Some of the most popular current answers to this question seem to miss the mark, more or less widely. Some scholars apply form criticism to Jesus’ speech as recorded in the Gospels and conclude that he did in fact use comic rhetorical devices like irony, satire, puns, and sarcasm; so even if we don’t see Jesus laughing, we see him using modes of speech designed to strike others as incongruous, and perhaps even funny. Other scholars—and artists like Ralph Kozak—say that the nature of Jesus’ message surely must have led him to smile; one scholar argues that it is impossible to imagine Jesus preaching the Beatitudes without a joyous grin on his face.
A much smaller group, popularly led by religious conspiracy theorists Timothy Freke and Peter Gandy, uses Gnostic texts like The Gospel of Judas to contend that Jesus did, in fact, laugh a great deal, generally as a means of signaling to the enlightened among his followers that the unenlightened had committed a spiritual gaffe through ignorance of his secret wisdom.
The first of these answers fails by excessive ingenuity. Jesus’ use of a panoply of linguistic devices makes him a skilled rhetor, not a comedian; Socrates was also known as a master ironist, but no one would call him a barrel of laughs. The second answer simply dodges the question, using the celebrated “Yes, but” defense: “Yes, the Gospels don’t record Jesus laughing, but I think he should have, so he did.” More importantly, a Jesus who could say “Blessed are you when men hate you, and when they exclude you and revile you” (Lk 6:22) with a grin on his face would seem unserious at best and cracked at worst.
The errors of the Gnostic view are manifest and manifold. Even at the level of the secular discipline of religious history, the Gnostic Jesus’ propensity to laughter is important for its semiotic function, indicating a shift between a public, exoteric register and a secret, esoteric register; the Gnostic Jesus’ laughter says a great deal about the Gnostic communities’ interest in secret knowledge, but very little about the real behavior of Jesus of Nazareth.

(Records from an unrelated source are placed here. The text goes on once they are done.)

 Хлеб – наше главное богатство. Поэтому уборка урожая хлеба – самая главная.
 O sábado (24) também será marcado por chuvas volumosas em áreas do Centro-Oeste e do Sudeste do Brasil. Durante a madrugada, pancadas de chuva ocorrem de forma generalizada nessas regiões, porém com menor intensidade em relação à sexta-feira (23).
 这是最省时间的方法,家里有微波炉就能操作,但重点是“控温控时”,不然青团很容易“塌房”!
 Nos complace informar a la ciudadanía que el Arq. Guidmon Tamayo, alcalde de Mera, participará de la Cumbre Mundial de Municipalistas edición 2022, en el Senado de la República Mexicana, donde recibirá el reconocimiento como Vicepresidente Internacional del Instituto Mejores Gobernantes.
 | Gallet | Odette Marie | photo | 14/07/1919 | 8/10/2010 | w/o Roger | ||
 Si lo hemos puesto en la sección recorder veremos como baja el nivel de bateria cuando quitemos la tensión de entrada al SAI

So, then, why doesn’t Jesus laugh in the Gospels? Without pretending to give a definitive answer, we might consider a few relevant points. As a general principle, it is important to note that the Gospels are not attempting to provide journalistic, play-by-play accounts of every moment in Jesus’ life; they are records of salvation history, of Jesus’ mission as redeemer of mankind and revelator of the face of God. We also might note that there are plenty of other characteristically human acts that the Gospel does not record Jesus doing: running, jumping, swimming, washing dishes, taking a bath, and on and on. No one feels that the absence of these activities from the Gospel record casts doubt on Jesus’ genuine humanity.
But one might legitimately respond that laughing is not like those other activities; laughter is proper to man and expresses a deep aspect of the human person. In this vein, Aristotle argued that the ability to laugh is inseparable from man’s rationality, which cannot be said for running, jumping, or bathing. So the question remains.

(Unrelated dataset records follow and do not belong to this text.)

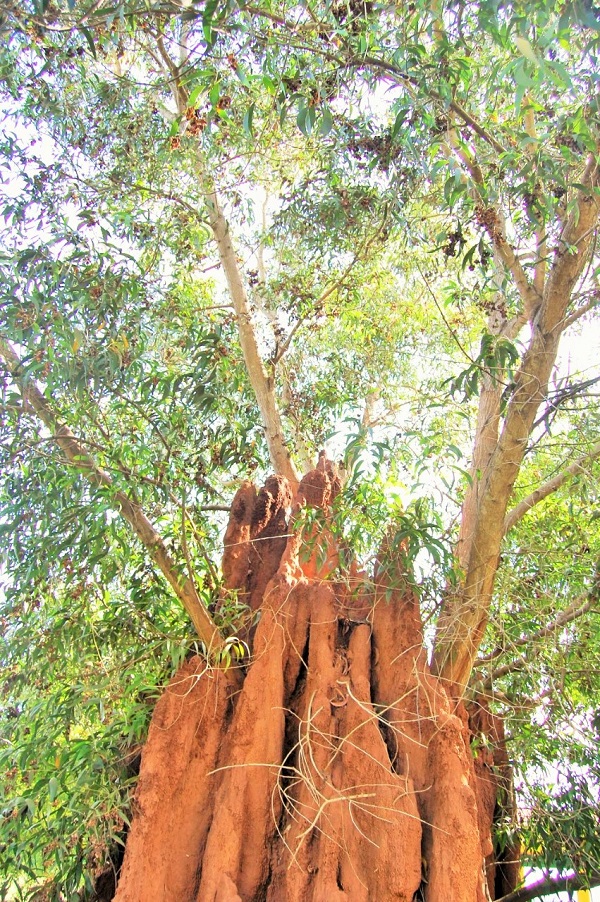 The symbiotic harmony between the tree and the anthill has resulted in a beautiful image which holds first-time visitors to the place captive.
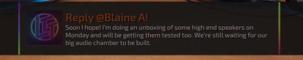 Reply @Blaine A! Soon I hope! I'm doing an unboxing of some high end speakers on Monday and will be getting them tested too. We're still waiting for our big audio chamber to be built.
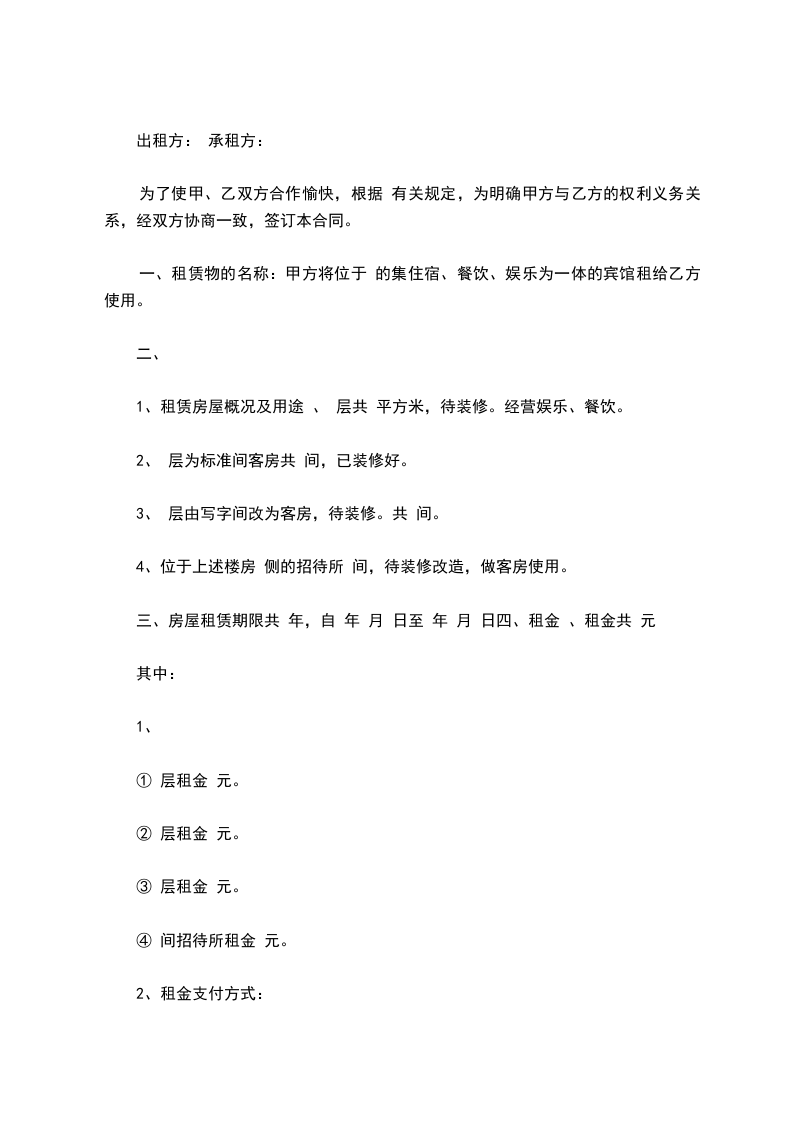 一、租赁物的名称:甲方将位于 的集住宿、餐饮、娱乐为一体的宾馆租给乙方使用。

A more satisfying answer seems to lie in the nature of comedy. Comedy is not just a matter of cracking jokes, however elevated or sophisticated they may be. Fundamentally comedy is the dynamic realization of freedom and love, especially as they emerge from slavery or hatred. As the literary critic Louise Cowan puts it:
Archetypally, the comic action is the psyche moving out of stasis into the rhythm of the life force; culturally, it is the flexibility of the community prevailing over rigid and oppressive custom; psychologically, it is the heart finding its right order, its abundance, in love; and anagogically, it is the soul’s participation, through the komos, the marriage feast, in universal blessedness.
Viewed in this light, the entire action of Christ in the world is the perfect and final comedy, with the death, resurrection, and ascension of Our Lord as the definitive event that destroys death, slavery, hatred, and abandonment forever, replacing them with redemption, adoption, the law of love, and participation in the divine life.
St. Paul’s quotation of Hosea perfectly expresses the mystery of the Divine Comedy: “O death, where is thy victory? O death, where is thy sting?” (1 Cor 15:55, cf. Hos 13:14). So may we say, “O slavery, where are thy chains? O tragedy, where are thy tears?” They are gone, consumed in the wood of the cross, buried in the tomb, and transformed in the resurrection into the freedom and love of the Son of God.
The Gospel writers did not choose to express the comedy of Christ in chuckles, smiles, or guffaws, just as they did not express the mystery of the Trinity with lengthy disquisitions. The comedy—the laughter—of Jesus is to be found in the victory of the cross, the Tree of Life on which death died, the Tree from which all life springs.